01 - Preheat oven to 375°F. Lightly grease a 9x13-inch baking dish with butter or oil.
02 - Melt unsalted butter in a saucepan over medium heat. Add diced onion and minced garlic and sauté for 2–3 minutes until softened.
03 - Whisk in all-purpose flour and cook for 1 minute, stirring constantly to prevent burning.
04 - Gradually add whole milk while whisking until smooth. Simmer for 3–4 minutes until the mixture thickens slightly. Stir in Dijon mustard, kosher salt, black pepper, and smoked paprika, then remove from heat.
05 - In the greased baking dish, arrange half the cooked chicken, then all diced ham, followed by half the Swiss cheese. Add the remaining chicken and top with the rest of the Swiss cheese.
06 - Pour the warm cream sauce evenly over the assembled layers in the baking dish.
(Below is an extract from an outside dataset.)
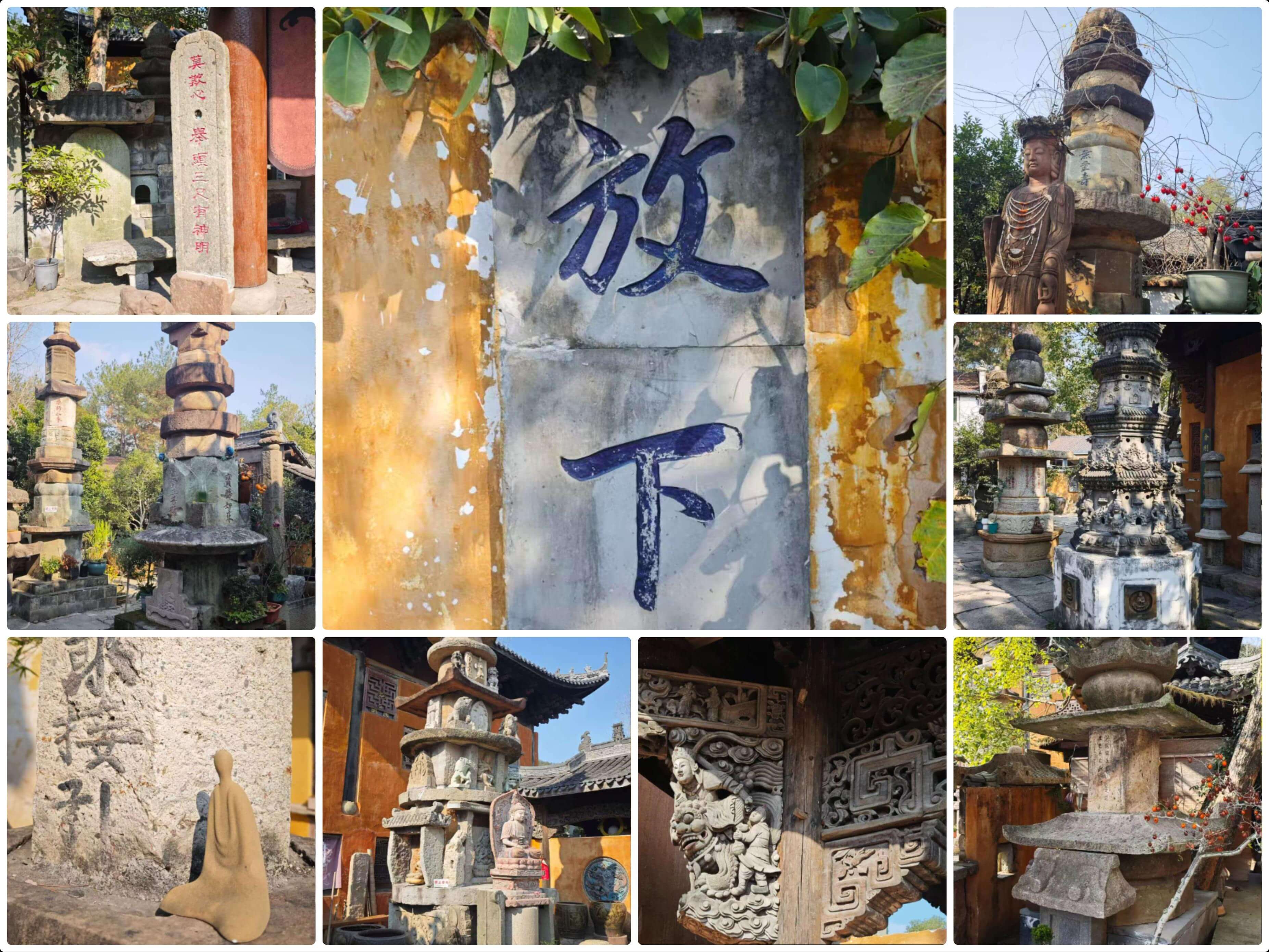 寺庙内陈列大量明清碑刻、石雕、残塔构件,据说均由寺庙师傅多年从浙中各地收集而来,有明代石塔基座、清代经幢残件、民国木雕佛龛等,这些老物件散落在寺庙的各个地方,所有不同类型不同年代的物件随意组合,我并没觉得杂乱,反倒是感觉一切都刚刚好,组合和位置也都恰到好处,就像他原本就应该属于这里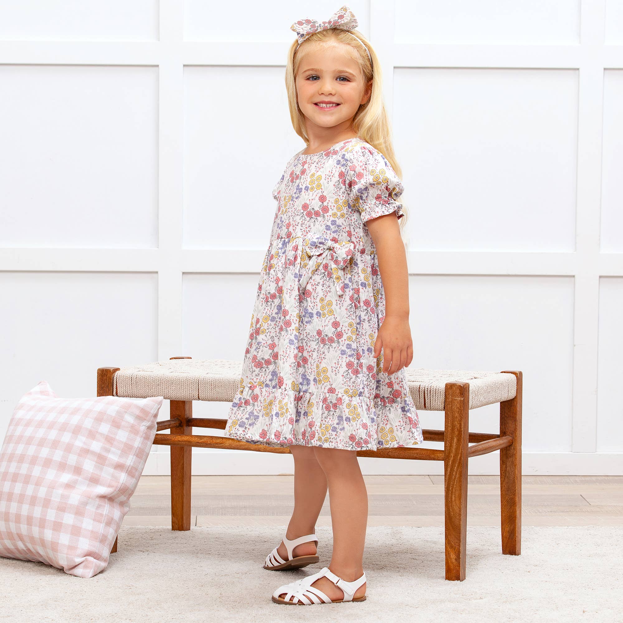 Wikkel je kleintje in de elegantie van onze 100% katoenen jurk met prachtige ajourborduursels. Ontworpen met romantische pofmouwen en een empire taille, en voorzien van een zachte katoenen voering voor extra comfort. De knopen aan de achterkant maken verschonen eenvoudig. Handwas warm, plat laten drogen aan de lucht. Uit de Truffles Ruffles Capsule Collectie met prachtige stijlen voor meisjes van 0-6 jaar.

07 - In a mixing bowl, combine Panko breadcrumbs and grated Parmesan. Sprinkle the mixture evenly over the surface.
08 - Transfer to the preheated oven. Bake, uncovered, for 30–35 minutes until the topping is golden and the filling is bubbling at the edges.
09 - Remove from oven and let rest for 5 minutes before cutting and serving.